La venta de una empresa es mucho más que una transacción financiera. Es la culminación de años de trabajo, decisiones y esfuerzo, pero también es un proceso lleno de desafíos y lecciones importantes. Tras años de observar casos de venta de empresas y diferentes transiciones donde los dueños se apartan y siguen otro camino o se posicionan desde otro lugar, un patrón común emerge: los mismos errores tienden a repetirse.
Uno de los errores más críticos es la alta dependencia de la empresa en su dueño. Este problema no solo complica las negociaciones, sino que puede reducir significativamente el valor del negocio o incluso frustrar la operación.
Un caso real: Carlos, un empresario en Perú
Para ilustrar este punto, quiero compartir un caso reciente.

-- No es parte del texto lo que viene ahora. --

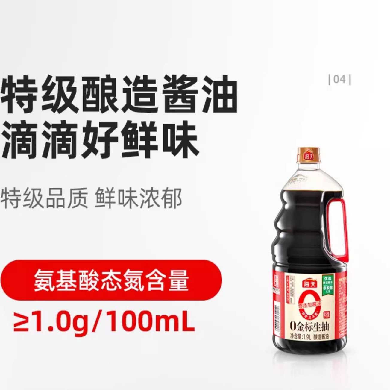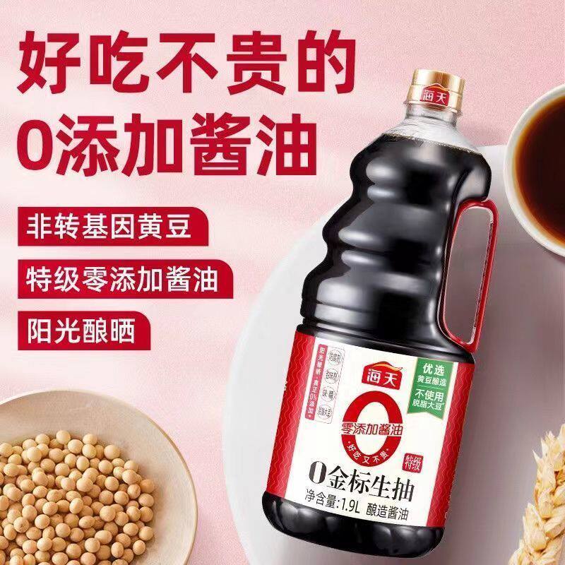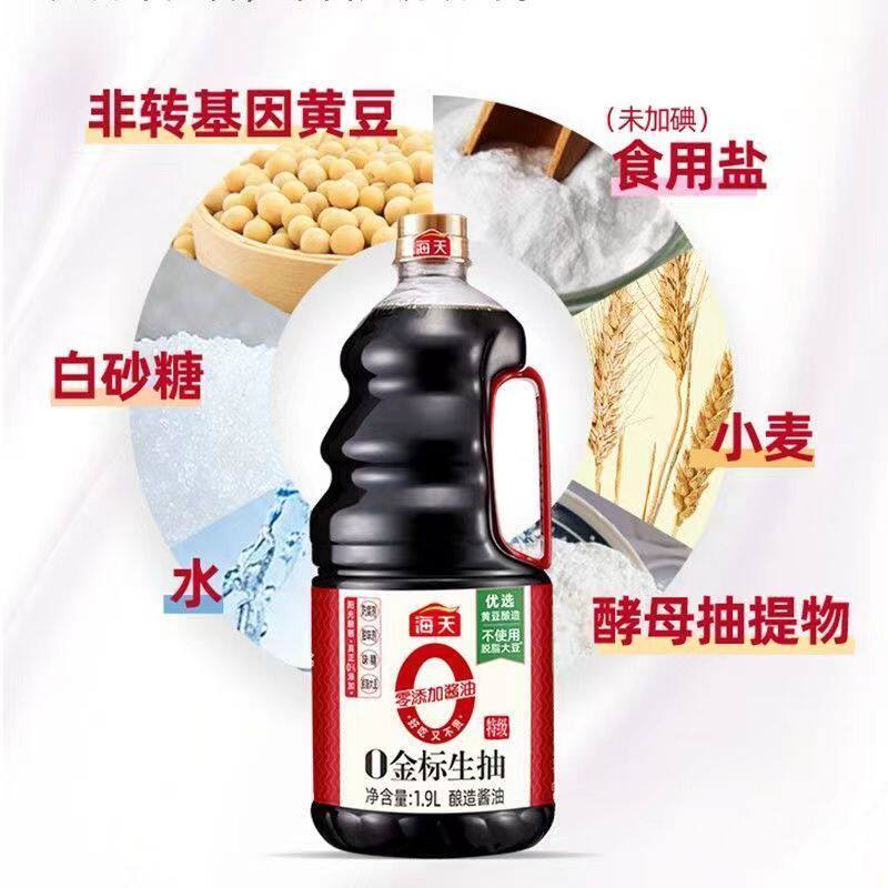海天0金标生抽酱油1.9L/500ml家用酿造专用小瓶装零添加厨房黄豆

Carlos (nombre ficticio) era dueño de una empresa tecnológica en Perú y decidió vender su negocio. Avanzó en las negociaciones con una empresa brasileña interesada, pero lo hizo sin contar con un equipo profesional que lo asistiera. Durante la revisión integral de su empresa, el comprador identificó que esta dependía casi exclusivamente de Carlos para su operación diaria.
Este hallazgo llevó al comprador a replantear la oferta inicial mediante una revisión a la baja, en la jerga de M&A un “retrading”. Este cambio de condiciones, provocado por los hallazgos en la evaluación, resultó en una oferta muy inferior a las expectativas de Carlos. Finalmente, las partes no lograron llegar a un acuerdo, y la venta no se concretó.
El impacto de la dependencia en el valor empresarial
El caso de Carlos evidencia un problema común en empresas familiares o gestionadas de manera centralizada. La dependencia del dueño no solo reduce el atractivo del negocio y los riesgos en ese negocio por esa dependencia, sino que también aumenta los riesgos percibidos por los compradores. Esto claramente “reduce” el valor del negocio.
Tras esta experiencia, Carlos tomó medidas significativas para transformar su empresa. Profesionalizó equipos, delegó responsabilidades clave, documentó procesos y contrató a un CEO. Estos cambios permitieron que la empresa operara de manera autónoma, logrando ser lo que denominamos una compañía «trascendente»: una organización capaz de funcionar, crecer y ser rentable sin depender de sus fundadores. Por supuesto le ha tomado varios años de trabajo, pero con el objetivo claro.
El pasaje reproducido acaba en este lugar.